Need help figuring out CMS' confusing manual system? Now you can consult an online brochure that provides an overview of the online manuals, including the claims processing and benefit integrity manuals. The two-page brochure is at www.cms.hhs.gov/MLNProducts/downloads/onlinebrochure.pdf.

CMS' contractor for the Medicare Contractor Provider Satisfaction Survey is taking providers' feedback until the end of April, a CMS staffer noted in the April 2 Open Door Forum for home care providers.

So far 56 percent of HHAs, 53 percent of hospices, and 65 percent of suppliers have responded to the survey from Westat soliciting feedback on intermediaries and carriers. CMS' overall goal is a 65 percent response rate. CMS will publish the survey results in July.

More information on the survey is at www.cms.hhs.gov/mcpss.

The HHS Office of Inspector General has loosened up its penalties when providers self-disclose compliance problems, but home care providers should still think twice about self-reporting problems to the OIG.

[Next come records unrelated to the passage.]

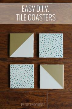 DIY Tile Coasters - This was so easy and plain white tiles cost 13 cents each at the hardware store! Super fun gift idea or for craft night!
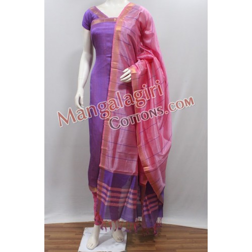 Mangalagiri SemiPattu Dress Material. 3 Pieces set. Top(Cotton+Silk Mix):2.5m, Bottom(Cotton):2m & Duppata(Cotton+Silk Mix):2.5m. Weaving pattern:Semi thick weaving.
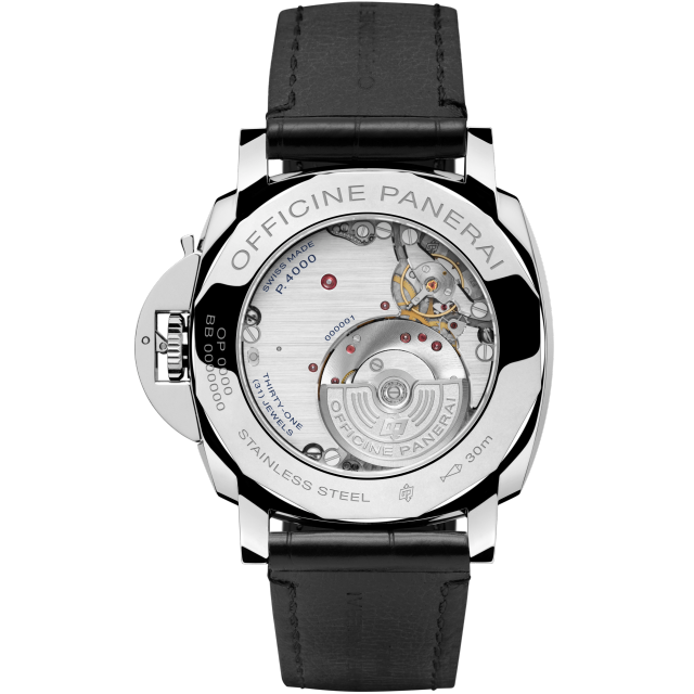 Movement:Automatic mechanical, P.4000 calibre,13¾ lignes, 3.95 mm thick, 31 jewels, Glucydur balance, 28,800 alternations/hour. KIF Parechoc anti-shock device. Power reserve 3 days, two barrels. 203 components. Off – centered oscillating weight
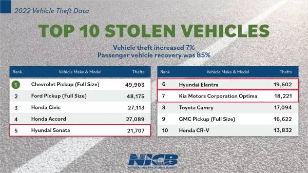 미국 국가보험범죄수사국(National Insurance Crime Bureau)은 “현대차와 기아차의 회수율이 87~95%에 달한다”며 "상당수 차량이 일회적 즐거움의 목적으로 도난 당한 횟수가 상대적으로 많다"고 언급했다. 틱톡 영상 확산에 따른 여파다.
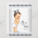 Bekvämt blåprins pojke duschinbjudan med söt liten prins på vacker grått, svart och blå bakgrund. Den här söta babyduschinbjudan för prinsen är lätt att anpassa för din händelse genom att helt enkelt lägga till information om din händelse, typsnitt stil, typsnitt storlek & färg och ordalydelse.

Inspector General Daniel Levinson issued an Open Letter to Health Care Providers on April 15. "Providers who disclose in good faith, fully cooperate with OIG, and provide requested information in a timely manner will generally not be required to enter into Corporate Integrity or Certification of Compli-ance Agreements with OIG," Levinson says in the Open Letter.

Previously, the OIG usually at least required a certification of compliance agreement.

But legal experts still advise providers to get good advice from counsel before deciding where to disclose compliance issues. Home care organizations generally should disclose to the OIG only for intentional wrongdoing, some suggest (see Eli's HCW, Vol. XV, No. 18).

Palmetto GBA ranked among the nation's top government contractors in a recent ratings report. The Ethisphere Institute rated Palmetto No. 10 nationally in the "10 Best Private Company Ethics Programs" category, and No. 33 in the "Best Ethics Programs Overall," Palmetto notes in a release.

Researchers from the Ethisphere Institute analyzed more than 1,000 federal government contractors as part of the 2008 ratings, says Palmetto, which serves as a regional home health intermediary, DME MAC, competitive bidding implementation contractor and program safeguard contractor, among other roles.